Feedback on part 9 โ€“ performance benchmarking

Hello,

I've read https://www.endoflineblog.com/graal-truffle-tutorial-part-9-performance-benchmarking and wanted to leave some feedback.
It is a nice write up, thank you for these nice blog posts.
I'm sure they help people getting started with Truffle.

I noticed a few things which are rather unexpected, based on my experience with Truffle (I work on TruffleRuby).

The first thing is the benchmark redefines the function every time.
That seems unexpected, especially for micro-benchmarks.
Here it seems much better to declare the function in the setup, and only call fib inside the benchmark itself.
Also calling eval like this is likely to have a non-trivial overhead.
Better would be to Value fib; as a field, fib = context.eval("ezs", "function fib(n) {...}") in setup and then benchmark fib.execute(20).
Another possibility would be to store "fib(20)" as a Source and pass that to eval.

The mutable FunctionObject approach feels quite off for JS-like languages. I guess the inspiration is SLFunction?
IMHO it's kind of a hack and it only works because in SL there are only functions at the top-level, and so a single map of functions conceptually, and the functions objects are used both for caching looking and holding on the CallTarget.
In a JS-like language, typically the function/property lookup would be cached separately (using the Truffle Object Model), and the function itself would have a fixed CallTarget.
Related, the caching in GlobalVarReferenceExprNode seems only correct if it's only functions that can be assigned at the top-level and not other variables. Otherwise, this would cache fib to the given function even after fib = 3 at the top-level (which cannot really be handled by the mutable FunctionObject).

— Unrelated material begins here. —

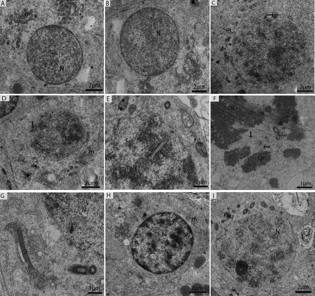 Type-B spermatogonia undergo mitotic divisions to produce primary spermatocytes (pre-leptotene), which are characterized by increasing nuclear and cytoplasmic size and the gradual condensation of nuclear chromatin into distinct chromosomes. Pre-leptotene spermatocytes contained a round nucleus and numerous mitochondria accumulated in one place (Fig. 6A). In contrast, leptotene spermatocytes appeared slightly larger than the pre-leptotene spermatocytes, and their nuclei contain fine filamentous chromatin fibers (Fig. 6B). The zygotene spermatocytes were noted by an increase in the thickening of the filamentous chromatin fibers within the nucleus and the synaptonemal complexes that started to appear (Fig. 6C). Pachytene spermatocytes contained well-developed synaptonemal complexes, which connected the homologous chromosomes during the first meiotic divisions. Thicker and dense chromosomes were attached with spindle fibers along with the centriole and the Golgi complexes that were found close to the centrosome (Figs. 6D, 6E, 6F, 6G). The diplotene spermatocytes appeared with thick fully condensed chromosomal fibers that were interspersed with large open areas of nucleoplasm (Fig. 6H). Meiosis I progressed to produce secondary spermatocytes, which appeared with nuclei along with nucleolus. There were few nuages that developed, and vacuolated mitochondria were observed in the secondary spermatocytes (Fig. 6I).

The change in BlockStmtNode should not change peak performance (although it is a good change in general), Graal should compile it the same no matter which version is used, because it can see ret is unused except the last one after it exploded/unrolled the loop. Do you have a way to reproduce that? If the performance actually differs it would likely be a bug.
Possibly the difference you saw could be caused by not enough warmup.
cc @rschatz

Auxiliary slot

They are stored in something called auxiliary slots; basically a map inside the VirtualFrame. The keys of that map historically were instances of a class called FrameSlot. However, that class has been removed in GraalVM version 22, and now the map is indexed by integers, the same way function arguments are. These integer indexes are related to another important class, FrameDescriptor.

Is the term "auxiliary slot" precise here? I understand the flow with descriptors and eg setObject / getObject methods in the Frame. But it also has methods with literal term "auxiliary" in them: setAuxiliarySlot / getAuxiliarySlot, which seem to be something different and unrelated to frame descriptors.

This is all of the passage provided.